To explore the predictive validity (Nunnally & Bernstein, 1994) of the Sidorkiewicz instrument two scales were used: the 10-item Drug Attitude Inventory and the Beliefs about Medication Questionnaire Specific Scale. These two scales were chosen due to (1) our ample experience with them, (2) their consistency in predicting adherence to prescribed treatment in psychiatric care, (3) their ability to be used in any treatment context, and (4) their brevity, in order to minimize the burden for psychiatric patients who may be cognitively impaired.
Drug Attitude Inventory–10 items (DAI-10). The DAI-10 was created to measure attitudes toward psychiatric medications in adults (Hogan, Awad, & Eastwood, 1983).
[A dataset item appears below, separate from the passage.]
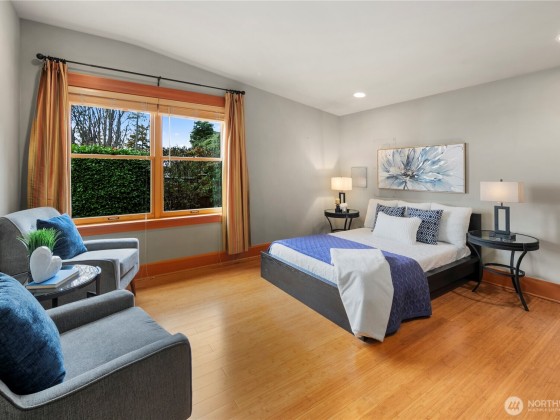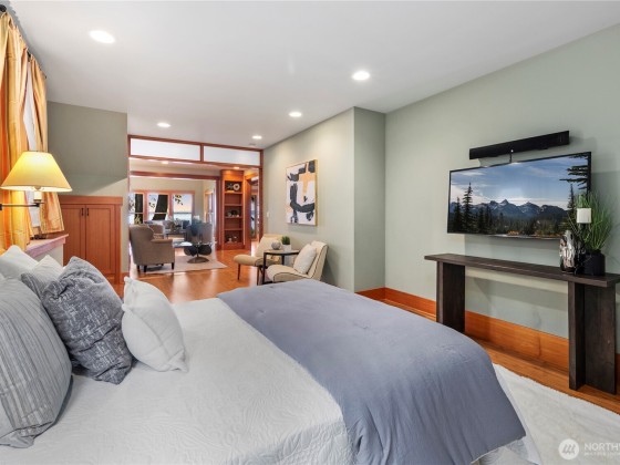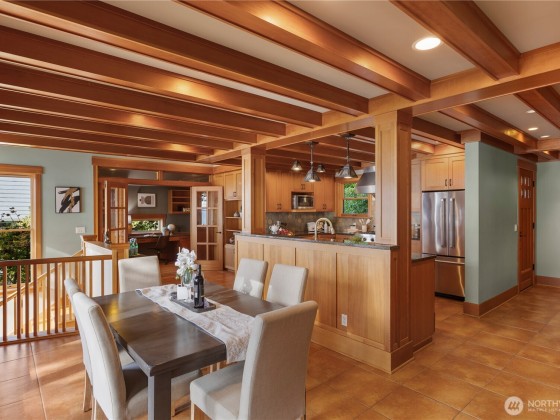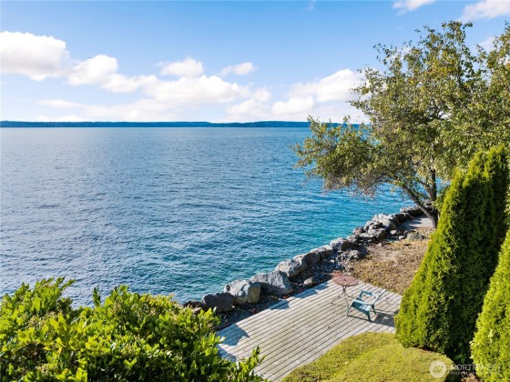 Discover this Perkins Lane waterfront sanctuary perched above 81' of waterfront access. Enjoy breathtaking views of the Olympic Mountains + Puget Sound from every room and four separate deck spaces. With two fireplaces and radiant bamboo + hardwood floor heating, comfort is paramount. Maintain energy efficiency and low utility costs due to the solar panels installed in 2022 + brand-new water heaters. The main level boasts a primary suite & seamless open-concept living space including a chef's kitchen, powder room + office/den. The lower level MIL offers endless possibilities, while the home’s three entrances enhance accessibility. Get creative with the top-level bonus room well suited for a home office or fourth bedroom. Tranquility awaits!

It is a self-report questionnaire consisting of true/false statements about the perceived effects and benefits of psychiatric drugs with which the patients can agree or disagree. The scoring equals the total sum of the items, ranging from−10 (very poor attitude) to+10 (best possible attitude). DAI-10 scores predicted adherence in different psychiatric disorders (De las Cuevas, de Leon, Peñate, & Betancort, 2017; De las Cuevas & Peñate, 2015a); it has been used as a validation standard for other scales (Chen, Tam, Wong, Law, & Chiu, 2005; Jeste et al., 2003). In our study we used the validated Spanish version of the scale (Cronbach's alpha: .67).
Beliefs about Medication Questionnaire. The BMQ-Specific (De las Cuevas et al., 2011; Horne & Weinman, 1999) assesses patient beliefs about the medication he/she is prescribed for a specific illness, examining perceptions of personal necessity for medication and concerns about potential adverse effects. The scale includes 10 items in two subscales: Concern and Necessity, each with five items. The degree of agreement with each statement is indicated on a five-point Likert scale, ranging from 1=strongly disagree to 5=strongly agree. The Necessity/Concern framework has proven to be a useful conceptual model for understanding patients’ perspectives on prescribed medicines and a fundamental factor in predicting their adherence to treatment (De las Cuevas, Peñate, & Cabrera, 2016a; Horne et al., 2013). In our study we used the validated Spanish version of the scale (Necessity subscale Cronbach's alpha: .70; Concern subscale Cronbach's alfa: .80).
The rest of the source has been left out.